Anggara, Ketua Badan Pengurus Institute for Criminal Justice Reform (ICJR), mengungkapkan apresiasinya terhadap putusan PN Makassar tersebut. Menurut Anggara, sedikit banyak, putusan tersebut telah memberikan gambaran bahwa peradilan di Indonesia masih dapat melihat secara jernih persoalan kebebasan berekspresi.
Anggara berpandangan bahwa proses pidana pada kasus-kasus penghinaan akan memberikan iklim buruk dan traumatis akan hak kebebasan berekspresi, sehingga putusan hakim tersebut patut untuk diapresiasi. Anggara menekankan bahwa sisi lain dari putusan bebas ini adalah buruknya pemahaman Polisi dan Jaksa akan kedudukan suatu kasus. Menurutnya, Polisi dan Jaksa harus diperingatkan lebih berhati-hati dalam memproses suatu kasus apakah layak untuk diajukan proses hukumnya, terlebih lagi kasus-kasus yang berpotensi melanggar hak asasi warga negara dan rentan dijadikan alat kriminalisasi politis.
Menjadi sorotan penting lainnya adalah bagaimana Jaksa menggunakan upaya paksa penahanan terhadap Arsyad. Anggara berpendapat bahwa Jaksa sama sekali tidak mempertimbangkan aspek kerugian yang akan dihadapi terdakwa dalam masa penahanan, entah itu masalah sosial maupun ekonomi.
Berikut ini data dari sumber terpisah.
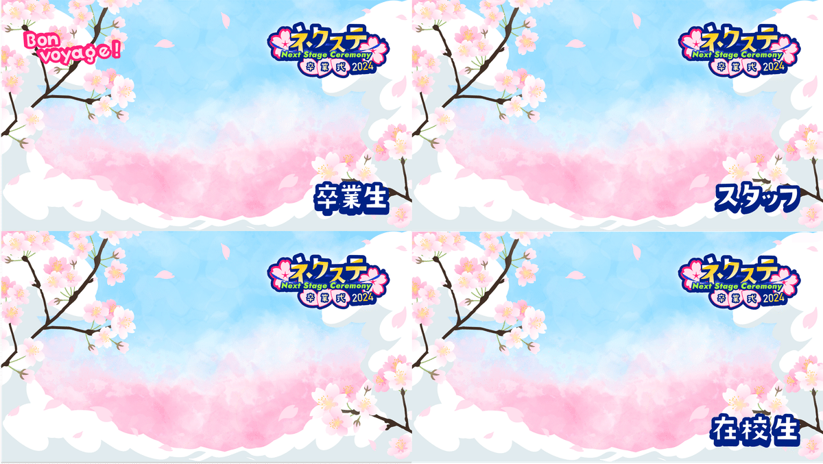 zoomで参加する在校生もスタッフもみんな、お揃いのzoom背景で統一!

Untuk kasus seperti penghinaan, apalagi latar belakang terdakwanya jelas, serta keadaan yang menimbulkan kekhawatiran bahwa adanya kemungkinan terdakwa untuk melarikan diri, mengulangi perbuatan dan menghilangkan barang bukti sangat minim, penahanan harusnya tidak perlu dilakukan. Persidangan tetap dapat dilakukan meskipun terdakwa berada diluar tahanan.
Anggara menilai bahwa satu – satunya alasan penahanan pada M. Arsyad hanyalah berdasarkan alasan ancaman hukuman lebih dari 5 tahun. Perlu untuk diketahui bahwa M. Arsyad dikenakan dakwaan berdasarkan Pasal 27 ayat (3) UU ITE yang ancaman pidananya 6 tahun penjara.
Untuk itu Anggara mendorong Arsyad untuk mengajukan gugatan atau permohonan ganti rugi atas semua kerugian yang dialaminya pada saat masa penahanan, sebab Anggara berpendapat bahwa penahanan yang sebelumnya dilakukan terhadap Arsyad merupakan bentuk kesewenang-wenangan aparat negara terhadap warga negara dan untuk itu Arsyad perlu didorong untuk menuntut haknya.